### Your assignment
Dropping every picture, set down exactly the lines in the entries below, starting with the line with "Het displayboxNeemt een" and going on through the line with "Sözcü Bugünkü Vefat, Başsağlığı, Anma".

Material for this exercise Start Marker

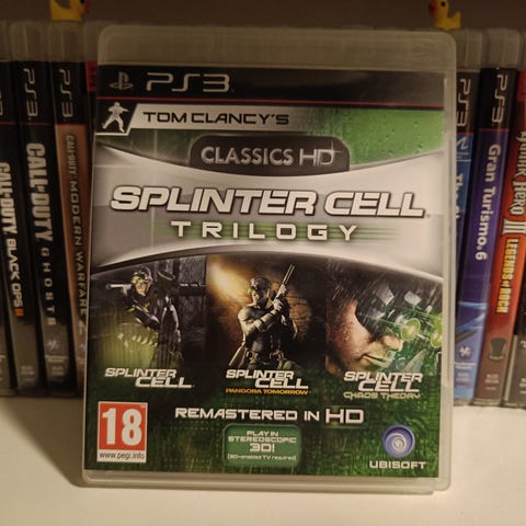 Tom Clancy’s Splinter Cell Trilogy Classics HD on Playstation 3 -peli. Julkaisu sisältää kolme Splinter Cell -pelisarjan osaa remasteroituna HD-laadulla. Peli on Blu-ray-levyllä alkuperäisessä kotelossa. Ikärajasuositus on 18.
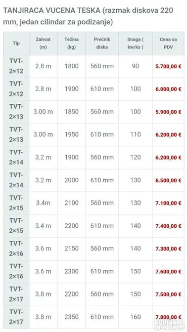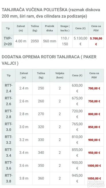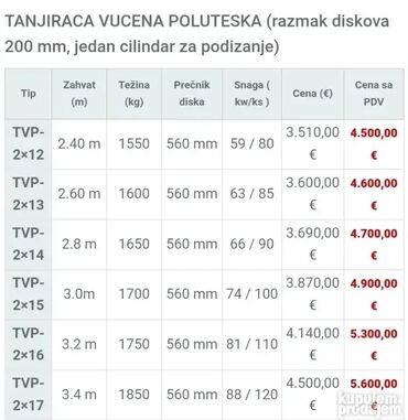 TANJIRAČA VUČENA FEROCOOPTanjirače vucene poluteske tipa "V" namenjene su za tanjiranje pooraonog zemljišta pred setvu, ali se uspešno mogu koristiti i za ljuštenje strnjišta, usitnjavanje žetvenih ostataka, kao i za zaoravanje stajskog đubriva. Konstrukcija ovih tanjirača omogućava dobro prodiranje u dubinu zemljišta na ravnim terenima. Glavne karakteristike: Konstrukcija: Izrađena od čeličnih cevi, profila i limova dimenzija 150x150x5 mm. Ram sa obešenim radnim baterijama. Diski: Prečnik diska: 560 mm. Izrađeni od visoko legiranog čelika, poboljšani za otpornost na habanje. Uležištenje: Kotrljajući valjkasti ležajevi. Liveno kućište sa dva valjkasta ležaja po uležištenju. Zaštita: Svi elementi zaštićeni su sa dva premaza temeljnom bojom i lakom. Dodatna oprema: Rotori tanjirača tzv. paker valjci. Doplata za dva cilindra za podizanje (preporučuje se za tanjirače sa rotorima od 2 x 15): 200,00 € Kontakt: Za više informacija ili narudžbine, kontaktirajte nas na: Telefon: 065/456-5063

Material for this exercise End Marker
Material for this exercise Start Marker

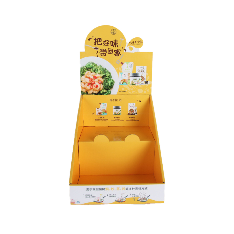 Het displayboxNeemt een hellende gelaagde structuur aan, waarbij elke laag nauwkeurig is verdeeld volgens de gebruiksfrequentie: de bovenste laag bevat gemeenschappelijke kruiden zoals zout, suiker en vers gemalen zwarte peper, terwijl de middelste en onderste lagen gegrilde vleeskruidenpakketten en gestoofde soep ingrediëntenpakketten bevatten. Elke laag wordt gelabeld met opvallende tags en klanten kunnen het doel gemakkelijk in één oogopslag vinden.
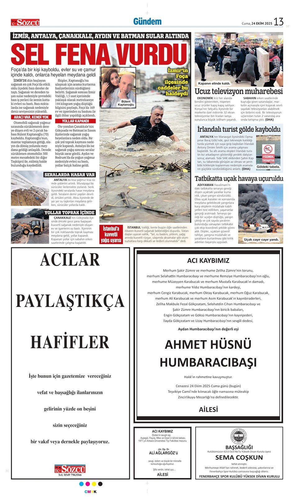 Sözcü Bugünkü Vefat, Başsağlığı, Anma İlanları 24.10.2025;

Material for this exercise End Marker
Material for this exercise Start Marker

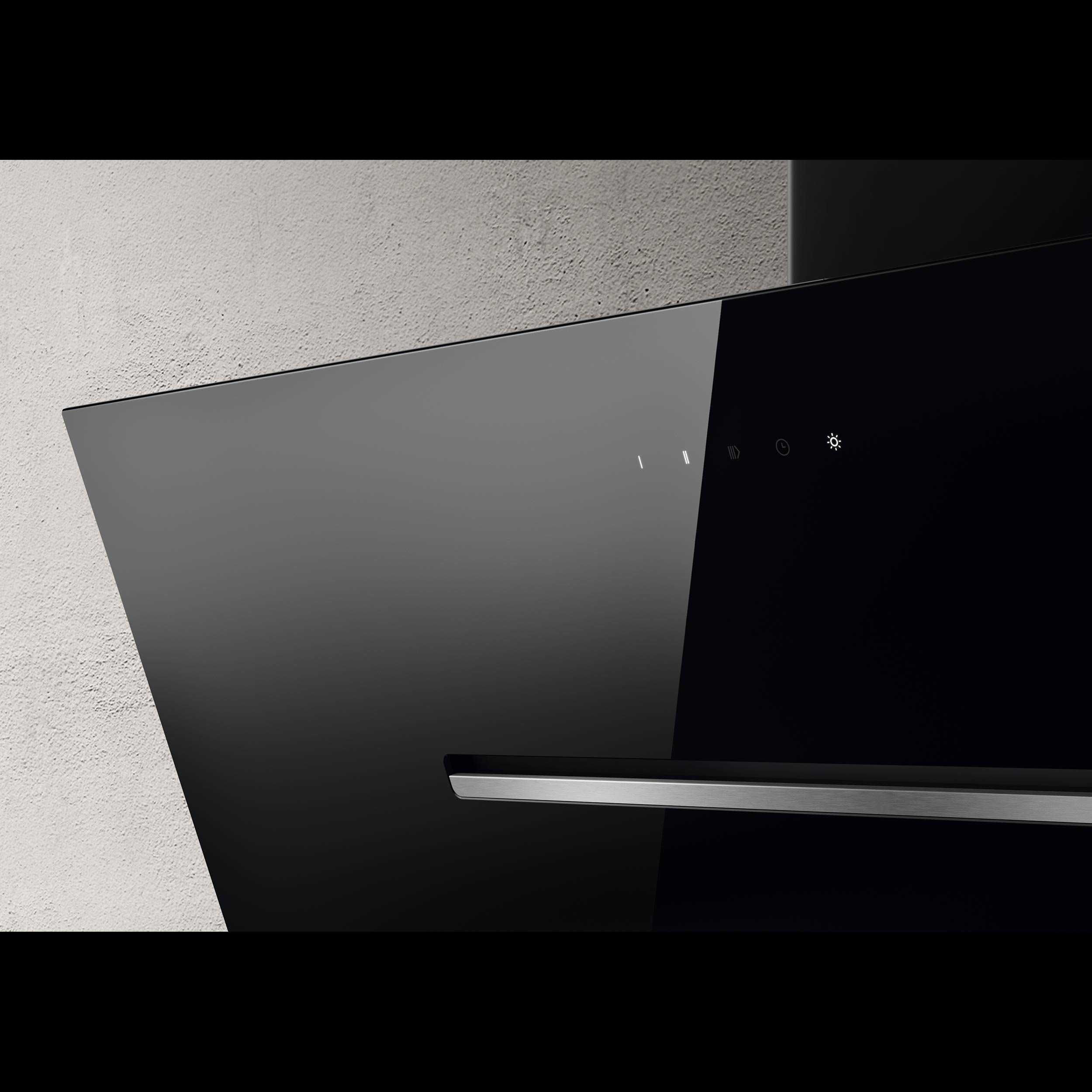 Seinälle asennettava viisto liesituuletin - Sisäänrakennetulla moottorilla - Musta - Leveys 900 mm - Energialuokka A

Material for this exercise End Marker

### Written response
 Het displayboxNeemt een hellende gelaagde structuur aan, waarbij elke laag nauwkeurig is verdeeld volgens de gebruiksfrequentie: de bovenste laag bevat gemeenschappelijke kruiden zoals zout, suiker en vers gemalen zwarte peper, terwijl de middelste en onderste lagen gegrilde vleeskruidenpakketten en gestoofde soep ingrediëntenpakketten bevatten. Elke laag wordt gelabeld met opvallende tags en klanten kunnen het doel gemakkelijk in één oogopslag vinden.
 Sözcü Bugünkü Vefat, Başsağlığı, Anma İlanları 24.10.2025;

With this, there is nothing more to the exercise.